Я тебя, любимая, найду.
Ты моя вселенная.
Пролог
Тебя преследуют два самых ужасных слова: «что, если». Ты нашел ответ, возвращайся.
Главный морлок. «Машина времени»,
реж. Саймон Уэллс, 2002
Что, если бы вы могли узнать, как сложится ваша жизнь, прими вы или кто-то из ваших близких другое решение или сделай иной выбор? Или если какое-то событие не произойдет, или случится что-то иное?
Неужели вы никогда не задумывались об этом? Я не про сожаления. Я про то, что если кому-то из вас выпал бы случай это узнать, как сложилась бы ваша жизнь? Мне такой случай выпал.
Часть 1. Два самых ужасных слова
Глава 1. Аниридия
Мы с дочкой стояли в часовне в аэропорту. Каждый раз, когда я хотела попросить что-то у Бога, у меня не получалось. Мне было стыдно жаловаться Ему.

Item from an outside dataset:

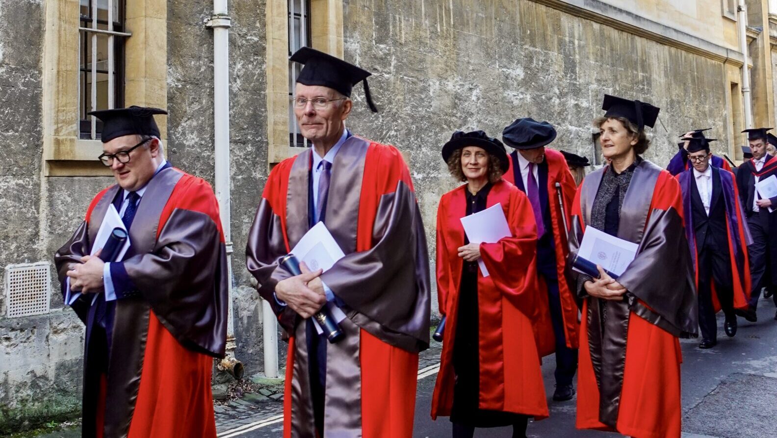 Following the ceremony, which took place in the Sheldonian Theatre, the honorands processed under the Bridge of Sighs and along New College Lane.

Я слышала, что самая сильная – не молитва-просьба, а молитва-благодарность. И каждый раз я говорила Ему: «Спасибо за мою жизнь, за мою дочь и за то, что вылечил ее». Только позже я поняла, что во мне оставались злость и обида, и это была не благодарственная молитва, а молитва-жалоба.

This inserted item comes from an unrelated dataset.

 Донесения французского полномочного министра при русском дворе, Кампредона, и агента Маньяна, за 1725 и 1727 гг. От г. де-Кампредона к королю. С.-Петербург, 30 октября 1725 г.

Я родила Алису, когда училась на втором курсе колледжа. Всегда думала, что у меня будет все как обычно, как у всех. Родится ребенок, в три года отдам в садик, выйду на работу, потом пойдет в школу.
Я узнала, что будет девочка, и представляла, как она будет стоять первого сентября возле школы в белом фартуке, с двумя огромными белыми бантами, а в руках – белые и огромные, как банты, хризантемы. И дальше по плану: университет, свадьба, дети.
После рождения дочь лежала в палате интенсивной терапии. Она не открывала глаз, не плакала, лежала неподвижно, словно кукла. Мне разрешали ее навещать в течение дня до отбоя, а после я ждала, когда можно будет снова ее увидеть.
Как-то я зашла к Алисе, и тут же ко мне подошла медсестра. Я сказала, что не буду трогать дочь, а только постою и посмотрю на нее.
– Я знаю, тут же камеры, и я вижу, что вы здесь делаете. Я не боюсь, что вы будете трогать ребенка. Я просто знаю, что она просыпается, как только вы войдете, – ответила мне медсестра.
– Как просыпается? Я же не буду ее будить.
– Вам и не надо. Я заметила, когда вы приходите, она сразу просыпается. У вас очень сильная связь с дочерью. Полчаса назад я полностью ее переодевала и меняла пеленку, на которой она лежит, а она даже не проснулась. Теперь вы тут, и ваша девочка просыпается. Смотрите, она зашевелилась.
Я смотрела на Алису и не понимала, как могло такое произойти. Я не была готова, что моя дочь родится в тяжелом состоянии, и никак не могла это принять.
– Алиса, доченька, ты только живи. Я буду тебя любить. Сильно-сильно.
Я заметила, что звук кардиомонитора изменился. Сердце моей дочери забилось быстрее. И тут до меня дошло. Все, что чувствовала я, чувствует и моя дочь. Я плачу, а ее сердце бьется быстрее. Каждый раз, когда я приходила к ней и закатывала истерику, моя дочь все это ощущала в себе. Я слышала, что дети все эмоции мамы воспринимают как свои, но не думала, что настолько.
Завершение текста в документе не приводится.